[[ Provided material open ]]
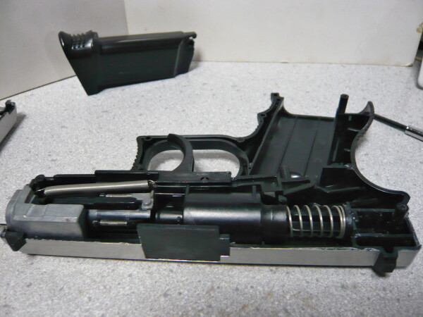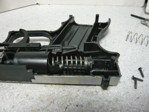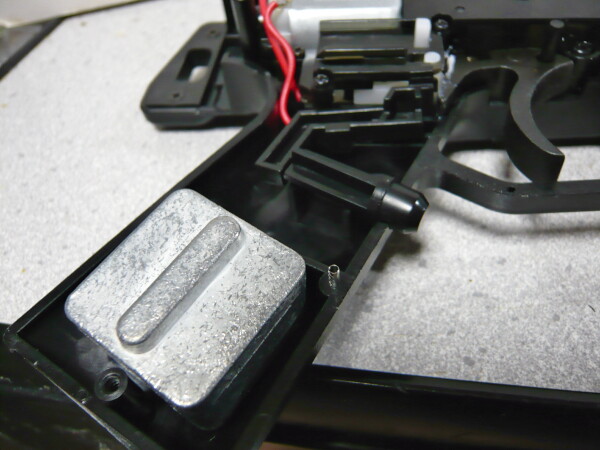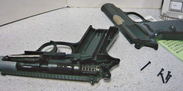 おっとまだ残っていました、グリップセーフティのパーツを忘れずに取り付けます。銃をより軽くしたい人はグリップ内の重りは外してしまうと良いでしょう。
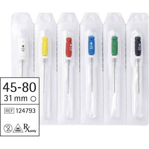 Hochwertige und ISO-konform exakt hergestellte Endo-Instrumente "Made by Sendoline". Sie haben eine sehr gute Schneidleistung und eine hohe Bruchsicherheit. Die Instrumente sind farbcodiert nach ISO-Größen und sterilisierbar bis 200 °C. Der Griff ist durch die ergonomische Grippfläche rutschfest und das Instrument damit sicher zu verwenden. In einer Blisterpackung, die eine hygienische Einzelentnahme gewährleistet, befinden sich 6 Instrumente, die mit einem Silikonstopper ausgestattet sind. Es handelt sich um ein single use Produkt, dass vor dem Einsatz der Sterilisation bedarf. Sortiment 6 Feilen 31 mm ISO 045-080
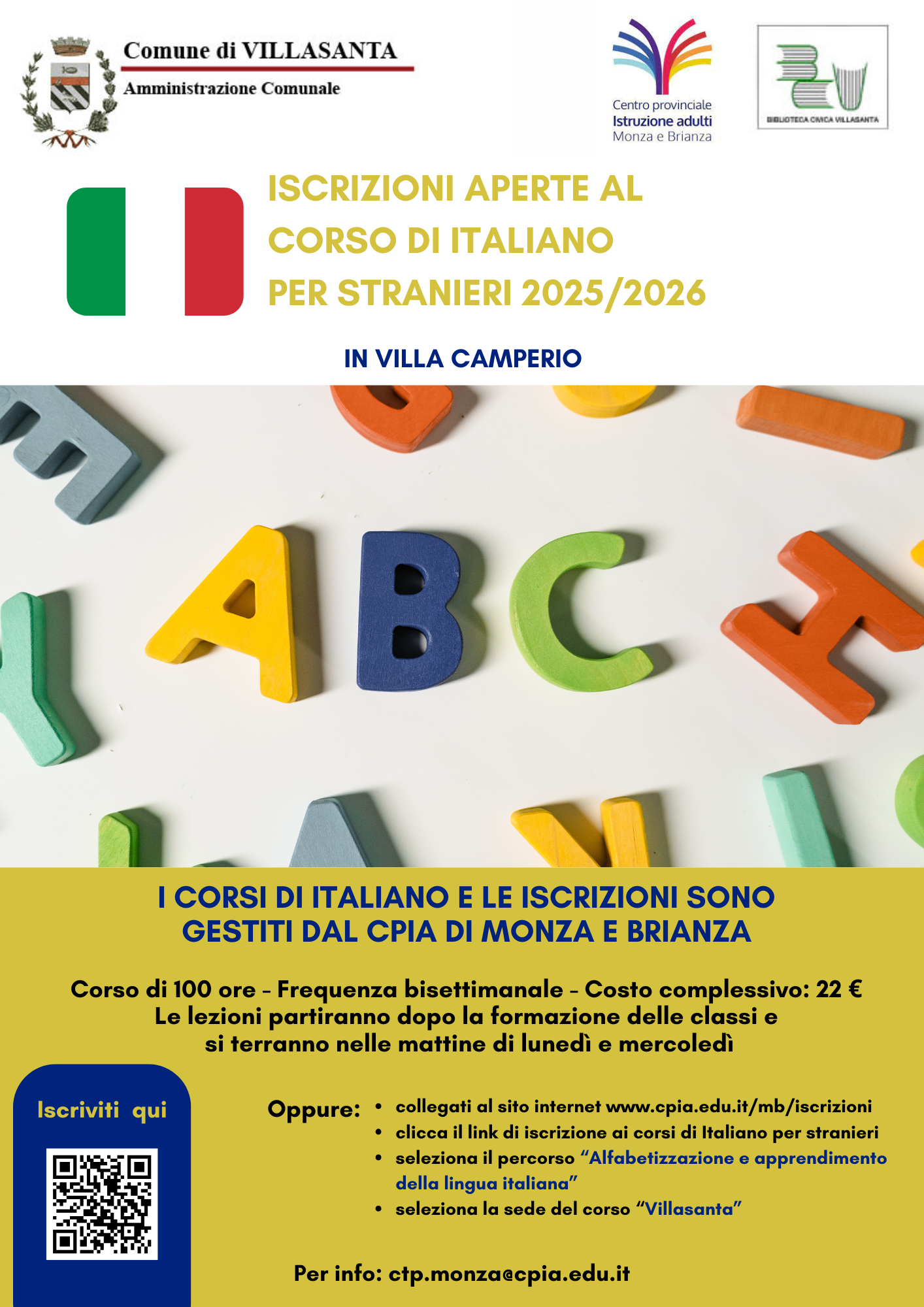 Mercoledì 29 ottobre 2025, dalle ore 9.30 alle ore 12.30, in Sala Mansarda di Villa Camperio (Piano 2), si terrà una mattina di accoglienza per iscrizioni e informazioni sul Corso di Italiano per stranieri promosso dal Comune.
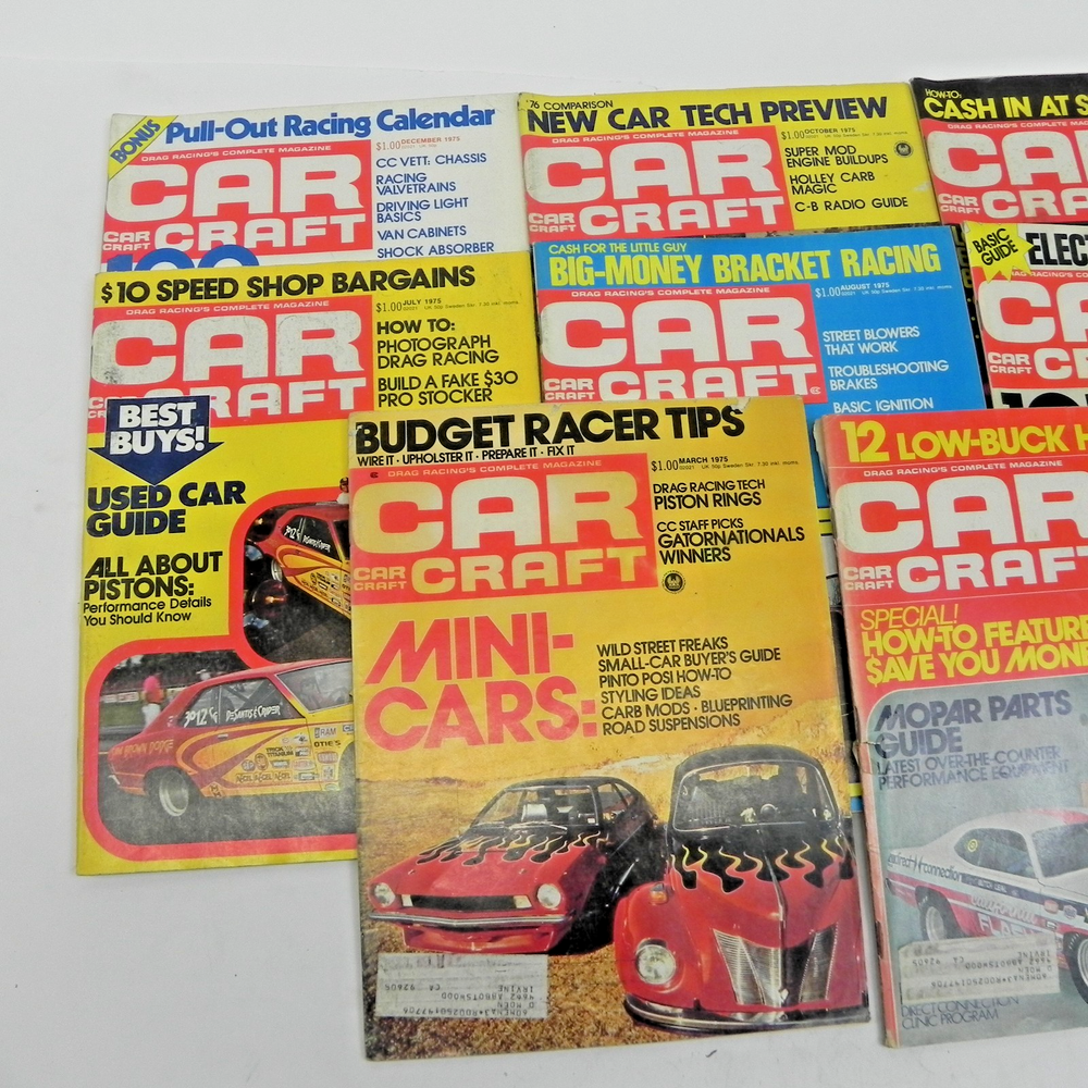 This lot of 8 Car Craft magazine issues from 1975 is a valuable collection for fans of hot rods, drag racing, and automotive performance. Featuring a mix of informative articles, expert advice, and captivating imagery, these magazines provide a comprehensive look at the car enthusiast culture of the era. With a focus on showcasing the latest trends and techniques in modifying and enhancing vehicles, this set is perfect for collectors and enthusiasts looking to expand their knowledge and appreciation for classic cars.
[[ Provided material closed ]]
■ **What you should do**: Repeat the material line for line. Pictures stay out of the copy.

■ **Solution to this exercise**:
 おっとまだ残っていました、グリップセーフティのパーツを忘れずに取り付けます。銃をより軽くしたい人はグリップ内の重りは外してしまうと良いでしょう。
 Hochwertige und ISO-konform exakt hergestellte Endo-Instrumente "Made by Sendoline". Sie haben eine sehr gute Schneidleistung und eine hohe Bruchsicherheit. Die Instrumente sind farbcodiert nach ISO-Größen und sterilisierbar bis 200 °C. Der Griff ist durch die ergonomische Grippfläche rutschfest und das Instrument damit sicher zu verwenden. In einer Blisterpackung, die eine hygienische Einzelentnahme gewährleistet, befinden sich 6 Instrumente, die mit einem Silikonstopper ausgestattet sind. Es handelt sich um ein single use Produkt, dass vor dem Einsatz der Sterilisation bedarf. Sortiment 6 Feilen 31 mm ISO 045-080
 Mercoledì 29 ottobre 2025, dalle ore 9.30 alle ore 12.30, in Sala Mansarda di Villa Camperio (Piano 2), si terrà una mattina di accoglienza per iscrizioni e informazioni sul Corso di Italiano per stranieri promosso dal Comune.
 This lot of 8 Car Craft magazine issues from 1975 is a valuable collection for fans of hot rods, drag racing, and automotive performance. Featuring a mix of informative articles, expert advice, and captivating imagery, these magazines provide a comprehensive look at the car enthusiast culture of the era. With a focus on showcasing the latest trends and techniques in modifying and enhancing vehicles, this set is perfect for collectors and enthusiasts looking to expand their knowledge and appreciation for classic cars.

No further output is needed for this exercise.